> **Exercise instructions**: Reprint the lines below as they are, minus the pictures.

> **Source data**:
______________________________

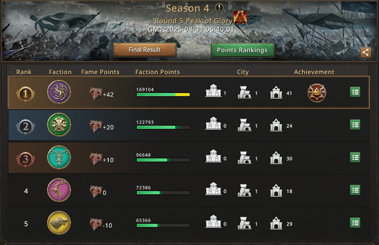 The rallies were hitting relentlessly without any breaks and that gave the fantastic 10 team a very hard time reinforcing after every rally wave and after catapults hits, but they did 'it valiantly and despite continuously rallying and even managing to break the House Targaryen defenses a few times, ImperialRock's strength combined with on point reinforcements coming from the team managed to secure the City of Glory with just a few minutes left from the round.
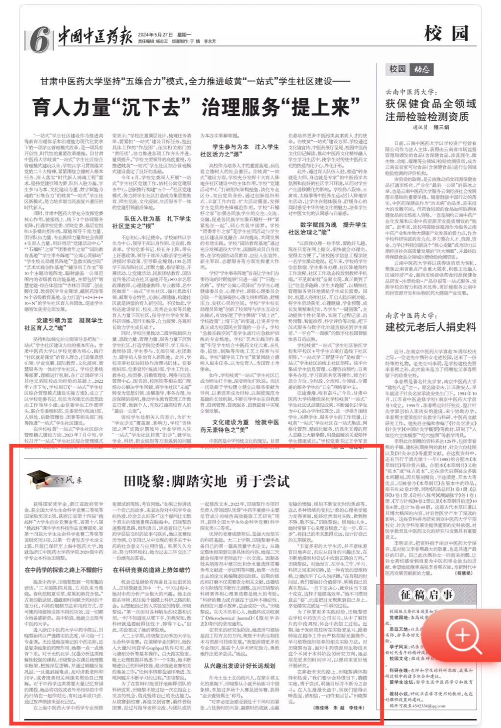 在未来的研究生阶段,她选择与植物基因工程有关的方向,聚焦于中药生物技术与资源可持续发展。“我要涉猎更多的专业知识,提高个人学术研究能力,勇敢地作出更多尝试。”她说。
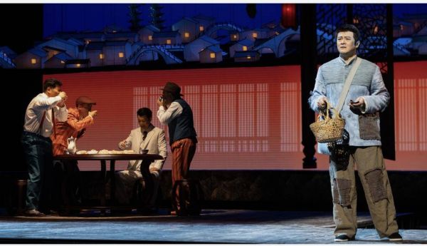 剧中的“朱自冶”由著名京剧表演艺术家关栋天饰演,他在有理有趣中赋予人物鲜活灵性,人物形象不仅有冷幽默,也有时代赋予的或骄傲或谦恭的特质。从舞台美术上来看,该剧营造了极具地域特色的视觉元素,既有江南建筑的粉墙黛瓦,也有各具情态的人物造型、与情节相配的背景幕布、随节奏和气氛变化的色彩色调等。多维的视觉构图制造出舞台上的烟火气,让观众既觉得置身戏中,又能出于戏外。
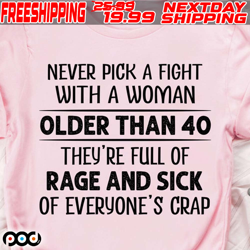 Never Pick A Fight With A Woman Older Than 40 They’re Full Of Rage And Sick Shirt
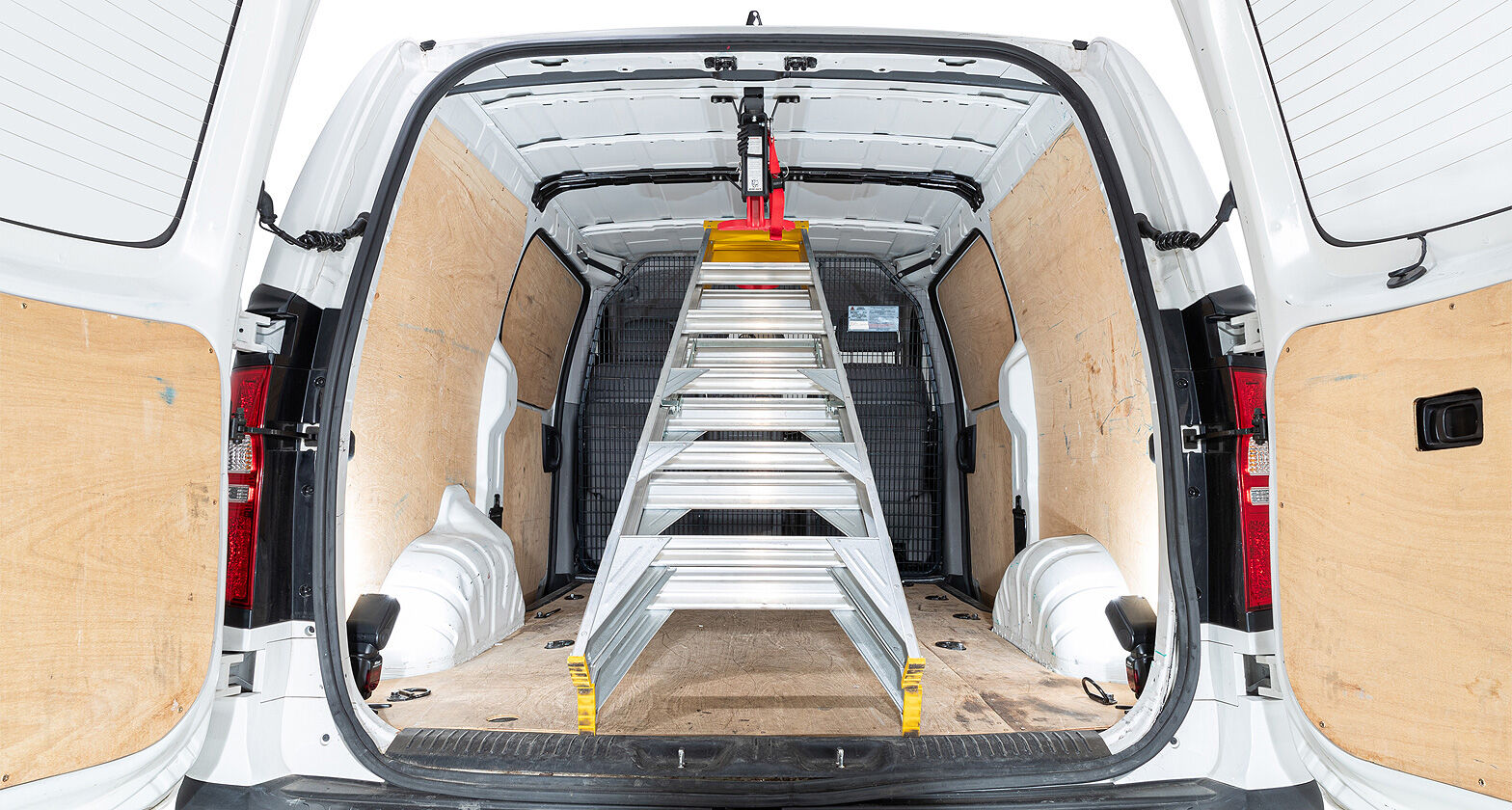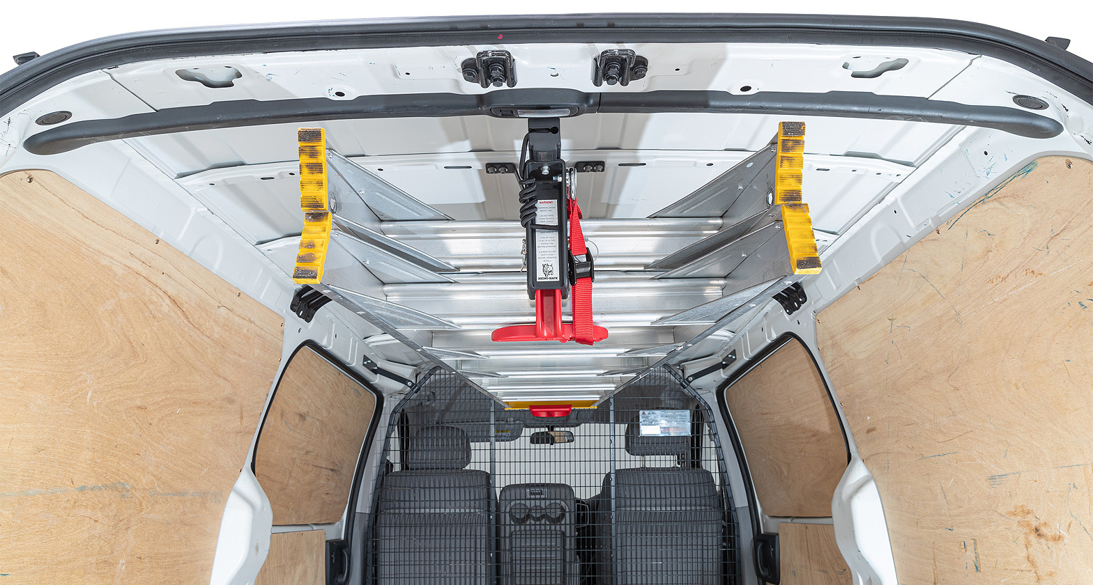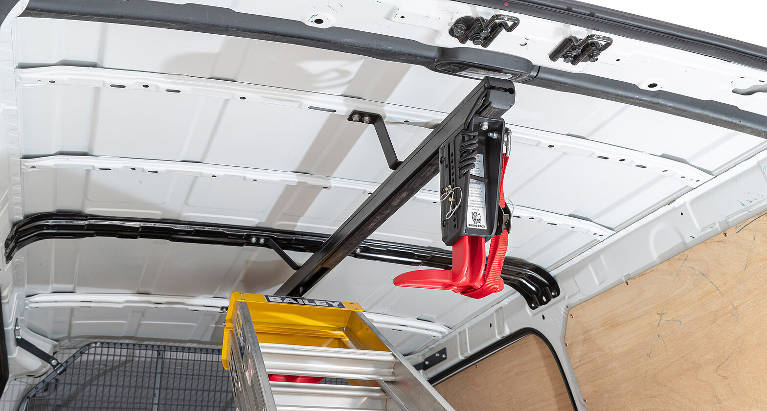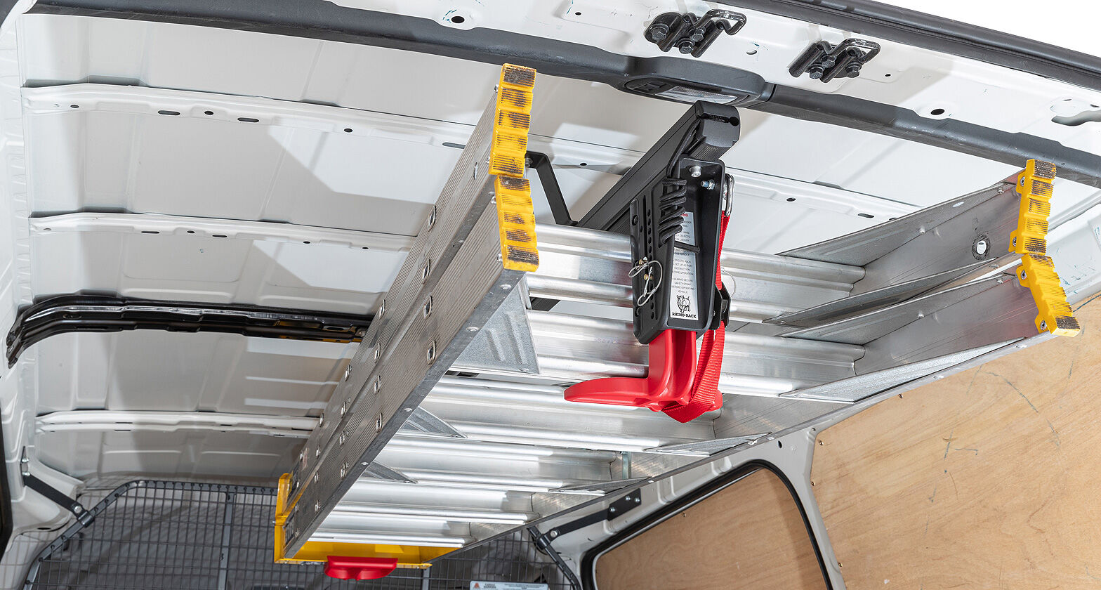 The Rhino-Rack Internal Ladder Rack is a new interior ladder rack system that mounts to the underside of the roof of your van. Connecting to the inside of your vehicle's roof via 3 vehicle specific brackets, it allows for ladders to be securely transported inside the vehicle without taking up valuable floor space. The new Rhino Rack Internal Ladder Rack reduces the risk of theft of your ladder and keeps it out of the elements, clean and dry, ready for quick unloading at your next job.

______________________________

> **Written response**:
 The rallies were hitting relentlessly without any breaks and that gave the fantastic 10 team a very hard time reinforcing after every rally wave and after catapults hits, but they did 'it valiantly and despite continuously rallying and even managing to break the House Targaryen defenses a few times, ImperialRock's strength combined with on point reinforcements coming from the team managed to secure the City of Glory with just a few minutes left from the round.
 在未来的研究生阶段,她选择与植物基因工程有关的方向,聚焦于中药生物技术与资源可持续发展。“我要涉猎更多的专业知识,提高个人学术研究能力,勇敢地作出更多尝试。”她说。
 剧中的“朱自冶”由著名京剧表演艺术家关栋天饰演,他在有理有趣中赋予人物鲜活灵性,人物形象不仅有冷幽默,也有时代赋予的或骄傲或谦恭的特质。从舞台美术上来看,该剧营造了极具地域特色的视觉元素,既有江南建筑的粉墙黛瓦,也有各具情态的人物造型、与情节相配的背景幕布、随节奏和气氛变化的色彩色调等。多维的视觉构图制造出舞台上的烟火气,让观众既觉得置身戏中,又能出于戏外。
 Never Pick A Fight With A Woman Older Than 40 They’re Full Of Rage And Sick Shirt
 The Rhino-Rack Internal Ladder Rack is a new interior ladder rack system that mounts to the underside of the roof of your van. Connecting to the inside of your vehicle's roof via 3 vehicle specific brackets, it allows for ladders to be securely transported inside the vehicle without taking up valuable floor space. The new Rhino Rack Internal Ladder Rack reduces the risk of theft of your ladder and keeps it out of the elements, clean and dry, ready for quick unloading at your next job.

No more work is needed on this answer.